* EXERCISE *
Your copy should contain exactly the lines from the start of the listing through the line that holds "Select the Share", and no pictures.

* MATERIAL PROVIDED *

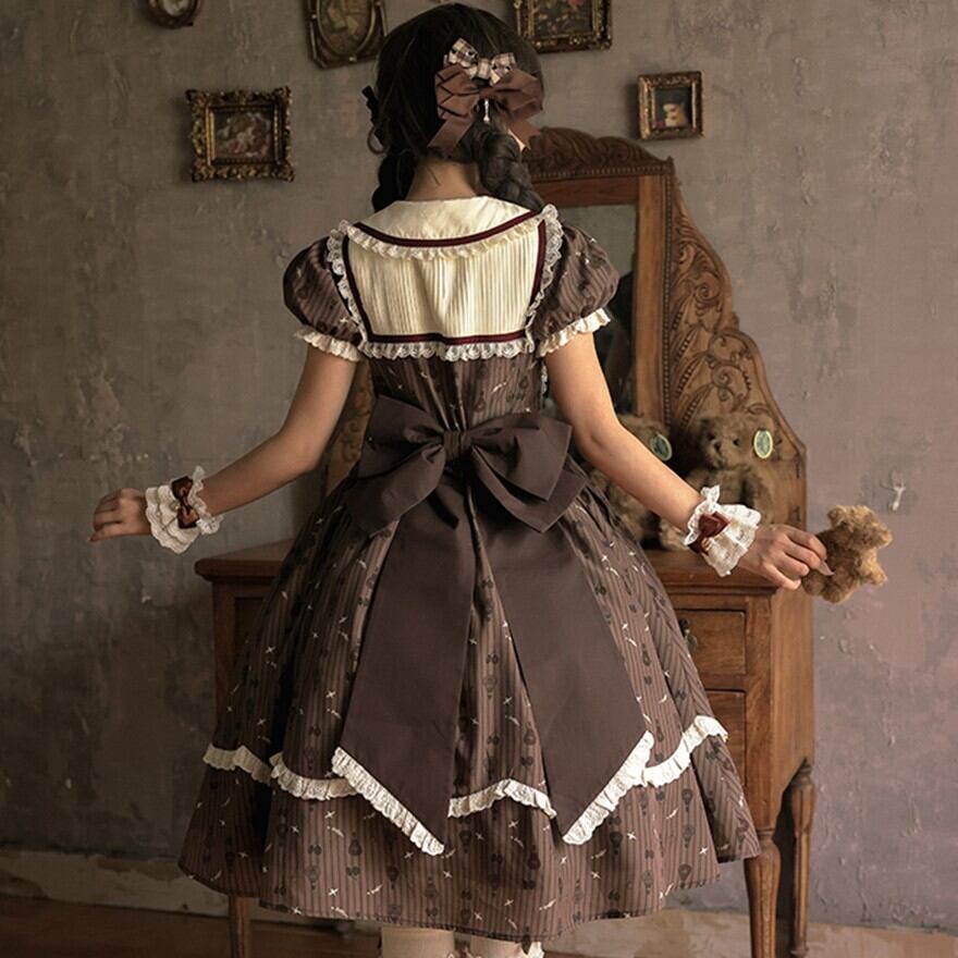 ブラウンの生地に、オフホワイトの繊細なレースが襟元、袖、裾にあしらわれた、クラシカルロリータのワンピースです。
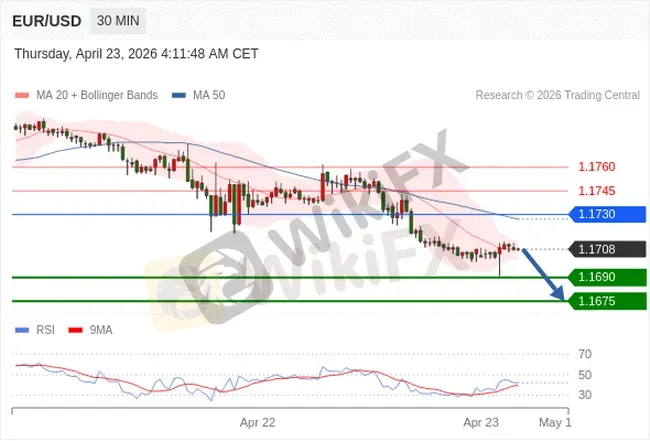 交易策略: 在 1.1730 之下,看跌,目标价位为 1.1690 ,然后为 1.1675。
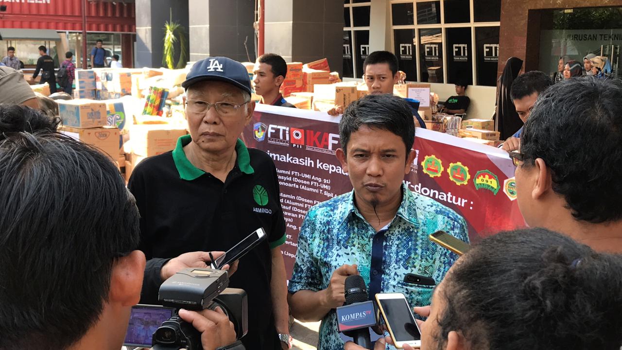 "Kita masih terus kumpulkan. Kita akan tunggu data penyebaran dan kebutuham dari relawan mahasiswa UMI (Makassar) dan Untad (Universitas Tadulako) Palu, untuk menyelurkan," kata Dewan Pembina DPP Asmindo, Julius Hoesan, disela-sela penyaluran bantuan dan paket trauma healing ke pengungsi Palu-Donggala-Sigi di Kampus FTI UMI di Jl Urip Sumihardjo, Makassar, Sabtu (6/10/2018) sore.
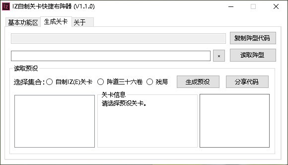 将当前游戏中的阵列生成代码并自动复制到剪贴板,单击[复制阵型代码]即可。同时,您也可以复制别人的代码,在游戏中快速生成。[选择预设]中提供了一些经典的游戏阵型,可供快速生成。
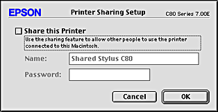 Select the Share this Printer check box, then type the printer name and password information as necessary.
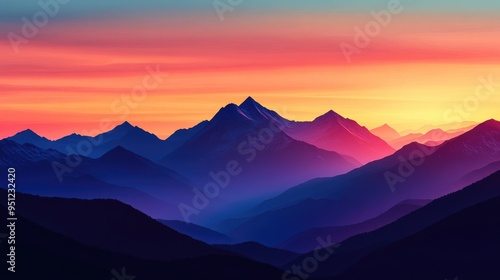 A mountain range silhouetted against a colorful sunset, providing a striking background with ample space for text.

* THE ANSWER *
 ブラウンの生地に、オフホワイトの繊細なレースが襟元、袖、裾にあしらわれた、クラシカルロリータのワンピースです。
 交易策略: 在 1.1730 之下,看跌,目标价位为 1.1690 ,然后为 1.1675。
 "Kita masih terus kumpulkan. Kita akan tunggu data penyebaran dan kebutuham dari relawan mahasiswa UMI (Makassar) dan Untad (Universitas Tadulako) Palu, untuk menyelurkan," kata Dewan Pembina DPP Asmindo, Julius Hoesan, disela-sela penyaluran bantuan dan paket trauma healing ke pengungsi Palu-Donggala-Sigi di Kampus FTI UMI di Jl Urip Sumihardjo, Makassar, Sabtu (6/10/2018) sore.
 将当前游戏中的阵列生成代码并自动复制到剪贴板,单击[复制阵型代码]即可。同时,您也可以复制别人的代码,在游戏中快速生成。[选择预设]中提供了一些经典的游戏阵型,可供快速生成。
 Select the Share this Printer check box, then type the printer name and password information as necessary.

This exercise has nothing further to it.